If you want to change deeper behavior, there's always Verilog.
They do exist, it's just a considerable challenge to program them effectively and they're more expensive than GPUs. Whereas with GPUs the R&D is spread across the huge games market (and more recently cryptocurrency).
- https://news.ycombinator.com/item?id=13741505 shows an experimental new CPU architecture which appears to be single-core but demonstrates interesting power savings and speedups by eschewing standard on-chip caching and building a smarter compiler. TL;DR closed-source compiler, but I think the people making the design are trying to make the architecture design/registers/overview/etc as open as practical/viable with free documentation etc. I'm not sure if there's a simulator for it. I'm very sure they're already taking on commercial customers, and getting access to it is likely to be not overly nontrivial. (I realize you're not likely to need one just yet, but "can't access at all" makes for something much less interesting to file away.)

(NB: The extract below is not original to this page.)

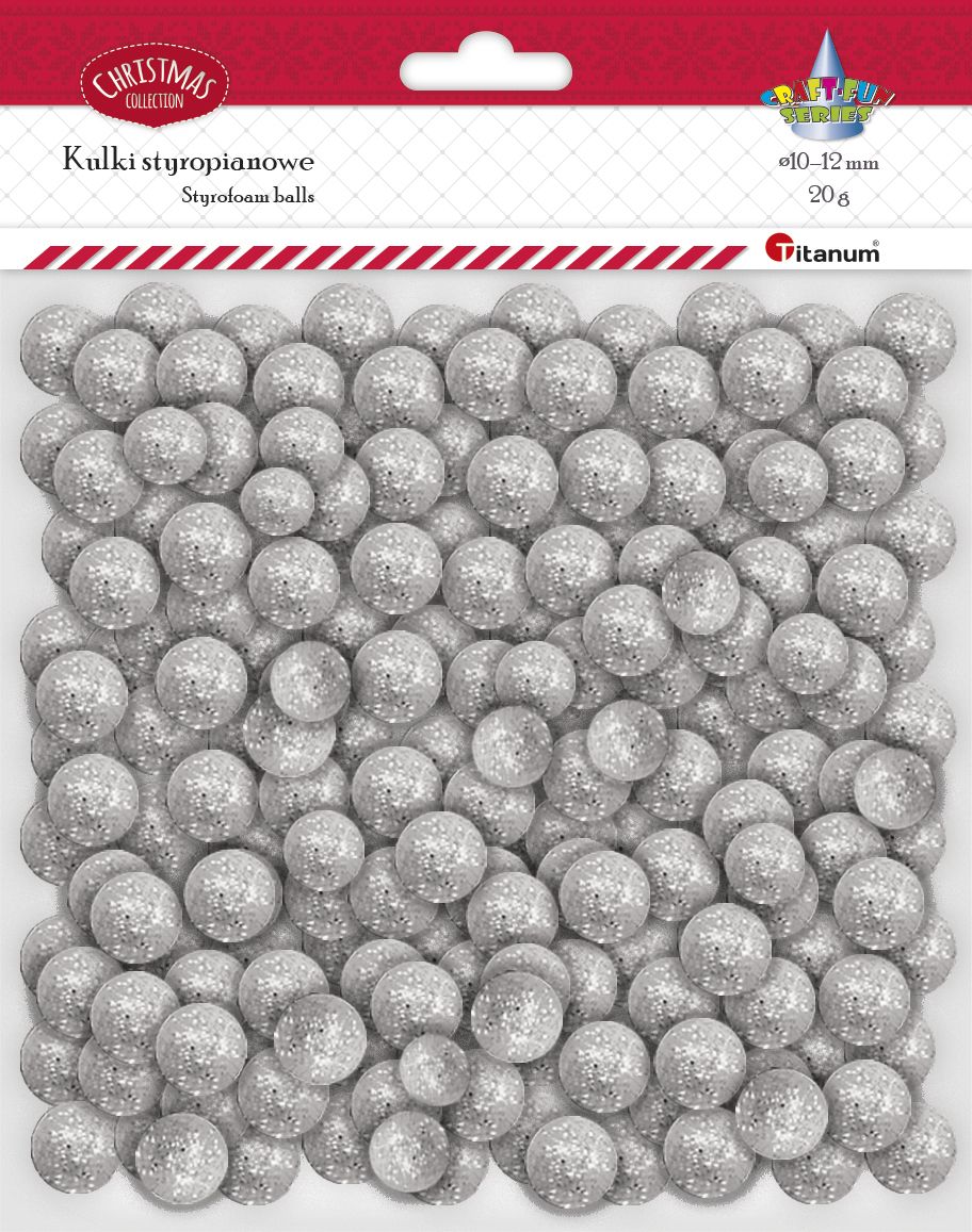 Dostępne: 1069 Sztuk Lub zamów telefoniczne: 690 216 578Dekoracyjne polistyrenowe kuleczki, mix rozmiarów: 10-12 mm. Brokatowe srebrne. Opakowanie 20 g.

- Forth, Inc. makes the GA144, a 144-core microcontroller that natively runs Forth (and will NOT comfortably run transpiled <any other language here>). At one point a production company was making evaluation boards. https://www.youtube.com/watch?v=NK1zlz67MjU is a (1hr long, somewhat slow-paced) presentation that provides a good overview of the GA144. I half wonder whether I'm looking at a chip designed by people who don't understand SMP when I watch this, but I also think that it's possible that the brutal simplicity that Forth (and Chuck Moore) applies to everything means that I'm really staring at the raw complexity of SMP here. I've read that Forth is one of those languages that changes the way you think about programming, so maybe the GA144 could be a training processor - crack it, and you'll understand SMP a tiiiny bit better on more contemporary/traditional processor architectures.